Given data
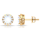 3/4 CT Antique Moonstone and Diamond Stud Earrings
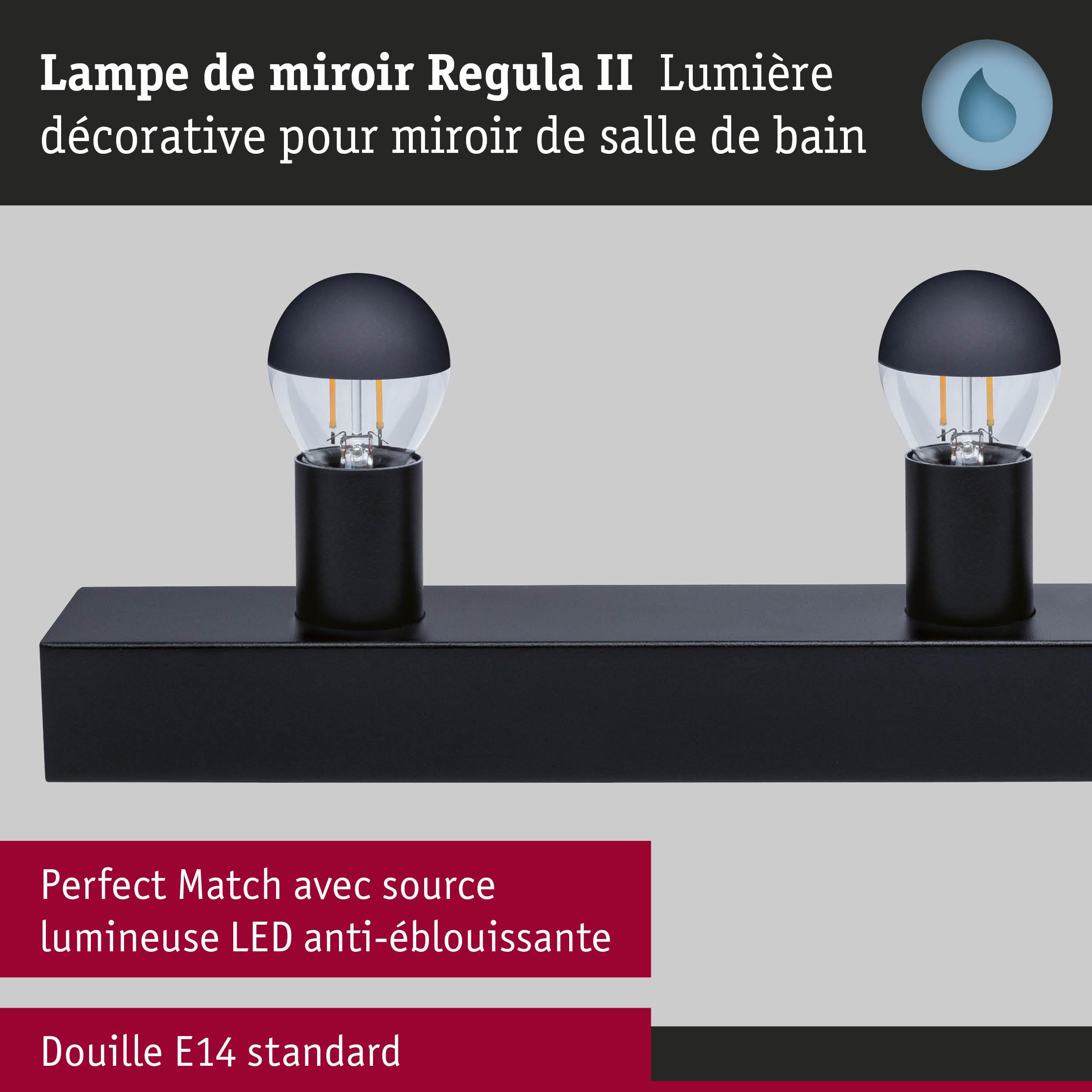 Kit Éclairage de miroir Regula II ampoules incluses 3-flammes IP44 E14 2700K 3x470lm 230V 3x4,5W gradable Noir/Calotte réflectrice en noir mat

---

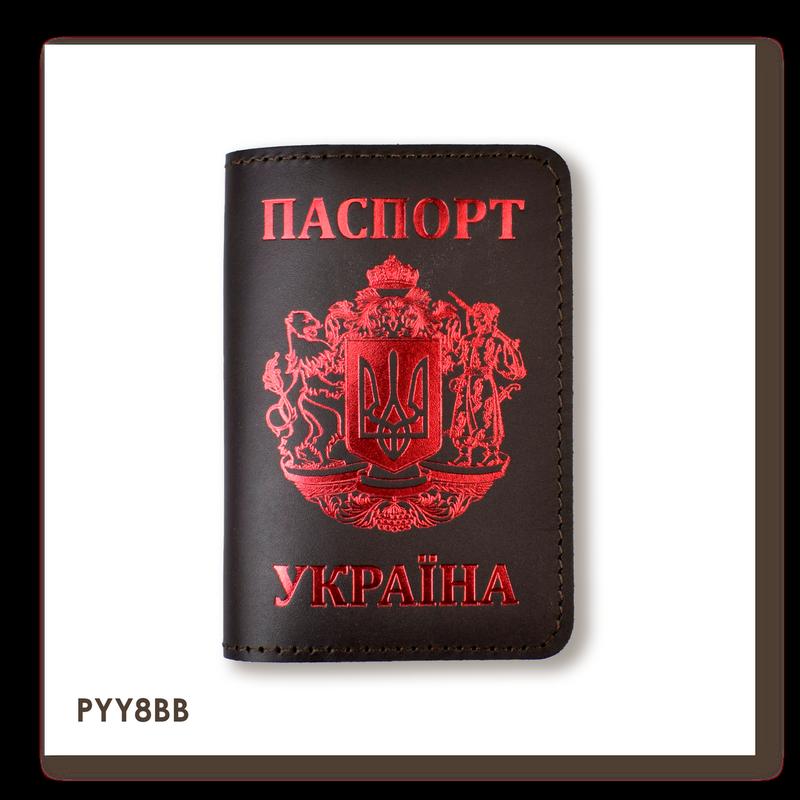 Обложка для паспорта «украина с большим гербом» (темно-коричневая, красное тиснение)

---

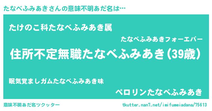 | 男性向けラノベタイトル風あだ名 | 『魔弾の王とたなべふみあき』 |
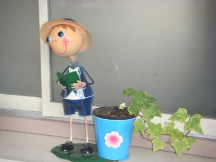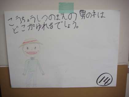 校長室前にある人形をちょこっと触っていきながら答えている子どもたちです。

Work request
Return only the part above that opens with the line containing "男性向けラノベタイトル風あだ名 | 『魔弾の王とたなべふみあき』 |" and closes with the line containing "校長室前にある人形をちょこっと触っていきながら答えている子どもたちです。", exactly and with both ends, skipping the pictures.

Reply to the exercise
 | 男性向けラノベタイトル風あだ名 | 『魔弾の王とたなべふみあき』 |
 校長室前にある人形をちょこっと触っていきながら答えている子どもたちです。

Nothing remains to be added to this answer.